Multiple sclerosis (MS) impacts a person’s brain, spinal cord and optic nerves, which comprise the central nervous system (CNS). This unpredictable disease causes a person’s immune system to attack the CNS, disrupting signals to and from the rest of the body.
Nearly 1 million people are living with MS in the U.S., the National Multiple Sclerosis Society estimates. Symptoms of MS include numbness, tingling, pain, fatigue, coordination and balance problems, mood changes, memory problems, and, in severe cases, blindness and/or paralysis. MS is nearly three times more common among women than men, and is commonly diagnosed in women in their 30s and 40s.
We don’t yet understand the cause of MS or why it is far more prevalent in women. Nor is there a known cause or cure. That’s why it’s so important that researchers have access to curated real-world data (RWD) they need to help search for effective treatments for different patient profiles and a possible cure for this debilitating autoimmune disease.
That’s why I’m excited about the development of Qdata™ MS, Verana Health’s second Neurology Qdata module for clinical researchers. Qdata MS is being derived from the American Academy of Neurology’s Axon Registry®. The Axon Registry, managed by Verana Health’s VeraQ™ population health data engine, is one of the largest–and growing–real-world clinical data registries for neurology.
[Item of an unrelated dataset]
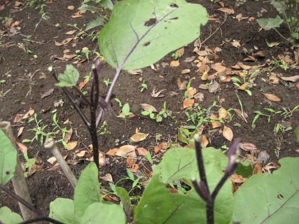 朝八時ごろ家庭菜園を見ると、ナスの苗が少し齧られていました。

Qdata MS helps provide exclusive insights into the MS patient population through de-identified electronic health record (EHR) data including detailed diagnostic classification beyond international classification of diseases (ICDs), such as MS phenotype or clinical characteristics. MS Qdata also offers a more granular understanding of disease activity by applying artificial intelligence (AI) to unstructured clinician notes to extract meaningful variables including Expanded Disability Status Score (EDSS) and clinical relapse.
Having access to de-identified, curated RWD from patients with MS can help provide researchers with insights to gain a more detailed understanding of how patients with different types of the disease may react to certain treatments, as noted by clinical measures such as ambulatory status, gait, and EDSS over time, for example.
As the Qdata MS module evolves through development, it is estimated to include curated RWD on about 30,000 patients diagnosed with MS, one of the largest longitudinal multiple sclerosis datasets for research use. By participating in the Axon Registry, physicians and their patients have the opportunity to lend their anonymized experiences to MS research. I also believe this Qdata module will help the broader neurology community to learn more about MS.
Qdata MS could help give clinical researchers real-world insights into the MS patient population through Axon Registry data and even help them identify opted-in practices that may have patients who transition to a progressive disease course. This curated RWD could also help optimize study design for promising MS treatments or even supporting a label expansion or modification for a therapy on the market.
Life sciences health economics and outcomes research (HEOR) and Medical Affairs teams can utilize Qdata MS to help better understand and track the journey of treated and untreated MS patients. By studying curated RWD, HEOR can make evidence-based decisions about access to specific therapies, while Medical Affairs can have better access to higher-quality research data to share with the medical community.
We know that MS can be difficult to diagnose, because symptoms may be nonspecific and fleeting. We also know that damage can begin occurring in a person’s CNS even before symptoms are detectable. Qdata MS can help to provide MS researchers with access to longitudinal, curated RWD from a wide cross-section of patients with the disease. By combining Axon Registry data with Verana Health’s artificial intelligence to understand clinical notes–such as natural language process (NLP) and machine learning (ML)– as well as clinical and data science expertise, we’re working together to help enable a better understanding of and more effective treatments for MS.